Marketing Deal with Takeda - Terms of the deal signed with Takeda in 2010 include both royalties and milestone payments for North American sales of Contrave. Orexigen retains the right to co-promote with Takeda in the United States. Orexigen will be eligible to receive payments of over $1 BB upon achieving certain regulatory and sales-based milestones. Assuming Contrave is commercialized, Takeda will pay tiered double-digit royalty payments on net sales in the territory. Takeda will also cover post-approval studies.
Intellectual Property - Like VVUS' Qsymia, Contrave is a combination of two already approved drugs, and Orexigen is expected to receive 3 years of exclusivity under Hatch-Waxman. Contrave is currently protected, in part, by U.S. patent number 5,512,593 issued in April 1996 and U.S. patent number 5,817,665 issued in October 1998. These patents (the Dante patents) are expected to expire in April and March of 2013, respectively, and cover compositions of certain specified opioid antagonists (including naltrexone) combined with certain specified antidepressants (including bupropion), and thus provide coverage for Contrave. In addition to these Dante patents, Contrave is also currently protected by U.S. patent number 7,375,111, which Orexigen refers to as the Weber/Cowley composition patent, and U.S. patent number 7,462,626, which Orexigen refers to as the Weber/Cowley methods patent. These patents expected to expire in March, 2025 and July 2024, respectively. Orexigen licenses the Weber/Crowley patents from Oregon Health & Science University.
Fundamentals - Orexigen ended the first quarter of 2012 with cash and cash equivalents of approximately $138.6 MM. Although cash burn was approximately $9 MM during the quarter, this can be expected to increase going forward as the CV outcomes trial ramps up to full enrollment of nearly 10,000 patients at 300 sites nationwide.

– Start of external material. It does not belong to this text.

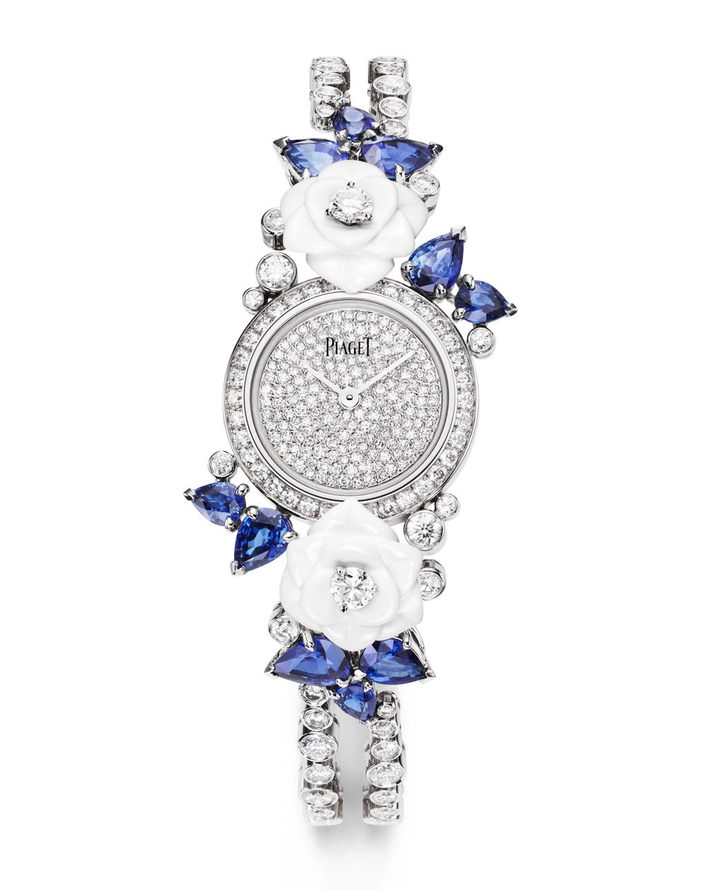 Case in 18K white gold set with 48 brilliant-cut diamonds (approx. 1.2 cts), 10 blue sapphires (approx. 5.5 cts) and white chalcedony.

Management expects the trial to cost upward of $100 MM until the point of the interim analysis. Although OREX does not need capital in the near-term, management may take advantage of all the optimism and raise additional equity capital. However, the December, 2011 financing was extremely expensive. The offering consisted of 5.6 MM units. Each unit consisted of one share of common stock and a warrant to purchase ten shares of common stock, at a price to the public of $1.45 per share of common stock and $1.449 per warrant to purchase each share of common stock, which together comprised the purchase price of $15.94 per unit. Net cash proceeds from the public offering were $86.9 MM. The warrants issued in the transaction have an exercise price equal to $0.001 per share. Each warrant is exercisable in whole or in part for a period of 10 years. There are 42.4 MM of these warrants outstanding now. Currently there are 67.8 MM shares outstanding, and including the warrants the fully-diluted market cap stands at nearly $500 MM with an EV of approximately $360 MM.